=== RECORDS FOR PROCESSING ===
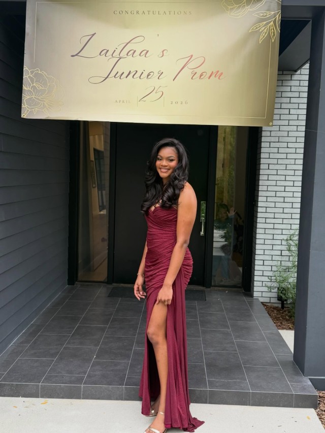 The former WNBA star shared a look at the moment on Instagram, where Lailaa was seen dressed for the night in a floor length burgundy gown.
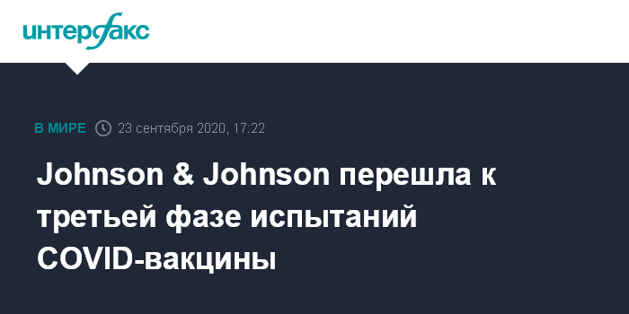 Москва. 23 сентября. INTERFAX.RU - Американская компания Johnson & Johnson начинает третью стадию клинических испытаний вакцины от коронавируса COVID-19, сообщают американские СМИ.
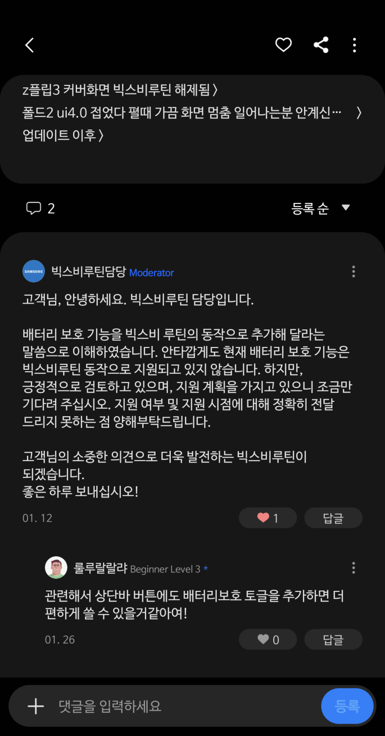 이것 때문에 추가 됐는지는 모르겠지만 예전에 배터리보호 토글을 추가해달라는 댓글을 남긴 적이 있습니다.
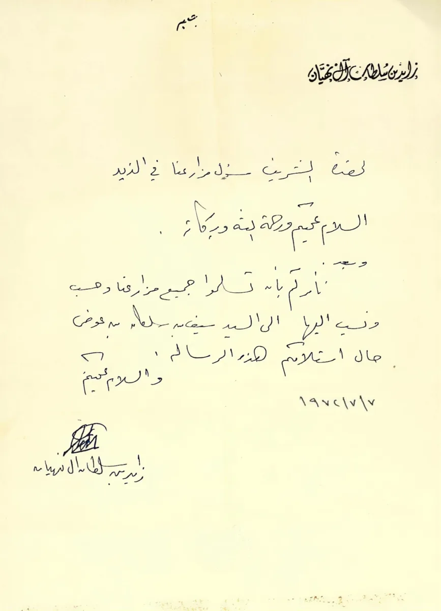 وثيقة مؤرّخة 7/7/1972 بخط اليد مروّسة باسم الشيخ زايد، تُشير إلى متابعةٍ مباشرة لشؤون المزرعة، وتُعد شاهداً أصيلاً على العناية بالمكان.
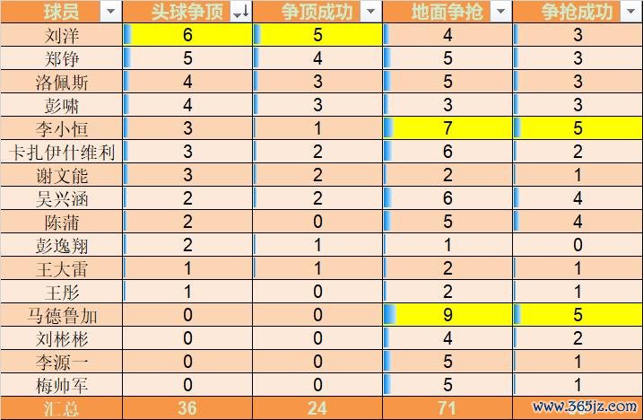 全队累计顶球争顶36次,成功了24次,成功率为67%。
---
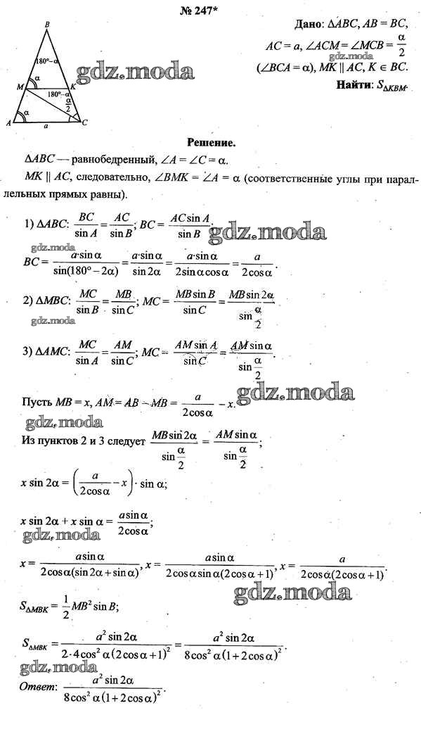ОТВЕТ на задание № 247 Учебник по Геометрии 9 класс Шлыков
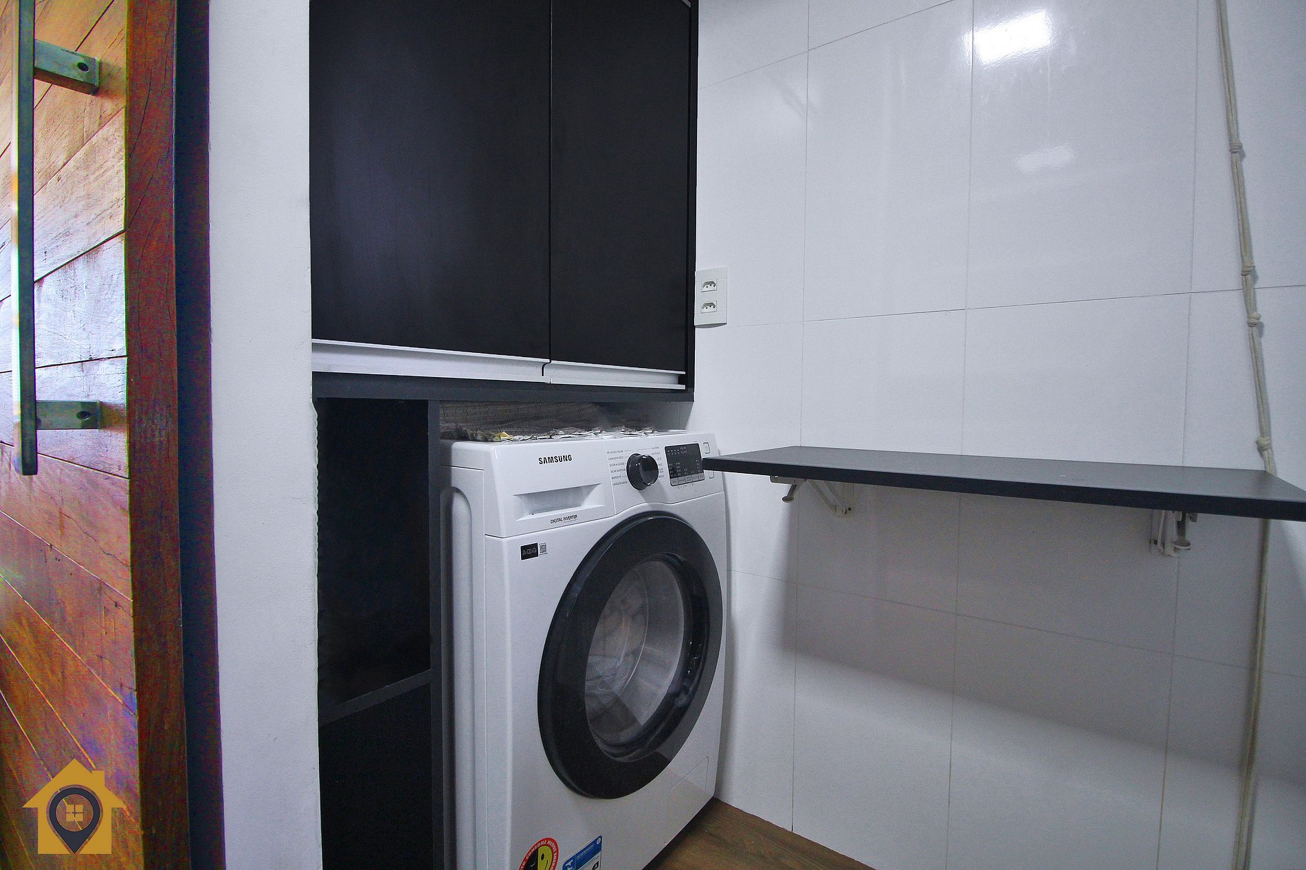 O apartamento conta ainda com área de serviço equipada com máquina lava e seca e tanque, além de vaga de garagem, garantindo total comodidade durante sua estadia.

=== EXERCISE BRIEF ===
Restate word for word the lines of the data above that begin at the line with "The former WNBA" and end at the line with "全队累计顶球争顶36次,成功了24次,成功率为67%。", keeping both ends and dropping every picture.

=== ANSWER AREA ===
 The former WNBA star shared a look at the moment on Instagram, where Lailaa was seen dressed for the night in a floor length burgundy gown.
 Москва. 23 сентября. INTERFAX.RU - Американская компания Johnson & Johnson начинает третью стадию клинических испытаний вакцины от коронавируса COVID-19, сообщают американские СМИ.
 이것 때문에 추가 됐는지는 모르겠지만 예전에 배터리보호 토글을 추가해달라는 댓글을 남긴 적이 있습니다.
 وثيقة مؤرّخة 7/7/1972 بخط اليد مروّسة باسم الشيخ زايد، تُشير إلى متابعةٍ مباشرة لشؤون المزرعة، وتُعد شاهداً أصيلاً على العناية بالمكان.
 全队累计顶球争顶36次,成功了24次,成功率为67%。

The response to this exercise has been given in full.